Un bug in Mail iOS mette a rischio la sicurezza dell’account iCloud degli utenti e non solo. Lo ha scoperto Jan Soucek, ricercatore di sicurezza il quale sostiene che un malintenzionato potrebbe sfruttare questa falla per creare falsi prompt di login di iCloud, auto-inviandosi poi i dati raccolti tramite email. Il bug – si legge su The Register – è in realtà stato scoperto già dal mese di gennaio. Apple, avvisata tempestivamente del problema, non ha ancora commentato la vicenda e, a quanto risulta, non ha ancora rilasciato una soluzione, visto che attualmente è ancora attivo. Nel video in calce all’articolo è possibile dare uno sguardo al funzionamento di un eventuale attacco.

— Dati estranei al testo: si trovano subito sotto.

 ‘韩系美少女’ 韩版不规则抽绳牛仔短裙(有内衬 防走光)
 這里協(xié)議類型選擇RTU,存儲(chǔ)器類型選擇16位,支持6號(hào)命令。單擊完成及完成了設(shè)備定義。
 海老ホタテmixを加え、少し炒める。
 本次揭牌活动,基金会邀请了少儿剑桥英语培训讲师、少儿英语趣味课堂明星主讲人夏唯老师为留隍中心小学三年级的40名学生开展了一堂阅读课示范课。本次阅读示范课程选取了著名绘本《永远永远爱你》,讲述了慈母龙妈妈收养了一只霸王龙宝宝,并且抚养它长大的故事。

Un hacker sarebbe in grado di inviare una email, magari rendendola il più simile possibile a quelle inviate solitamente da Apple, mostrando automaticamente un popup con gli spazi vuoti per l’inserimento dei dati di accesso iCloud. Nel caso in cui l’utente decidesse di compilarli, cliccando su OK la password sarebbe automaticamente inviata al malintenzionato. La cosa ancora più grave è che eventualmente un malintenzionato potrebbe tranquillamente personalizzare il popup, chiedendo magari dati di carte di credito e altro ancora (anche se in questo modo risulterebbe più evidente visto che quel tipo di finestra è utilizzata in iOS solo per i dati dell’account iCloud).
Eccetto Apple, Soucek conferma di non aver rivelato a nessun altro il metodo con cui è possibile sfruttare questa falla. Tuttavia, visto che la società di Cupertino in tutti questi mesi non ha ancora provveduto a trovare una soluzione, ha ritenuto giusto condividerne l’esistenza, in modo da allertare tutti gli utenti, una decisione che porta vantaggi e svantaggi: se infatti da un lato molti più utenti sono ora a conoscenza della falla, anche eventuali malintenzionati ora sanno che esiste questa opportunità e potrebbero utilizzarla a proprio vantaggio. Il consiglio sempre valido è quello di non inserire mai dati personali in questo genere di popup a seguito dell’apertura di una mail o di un sito web.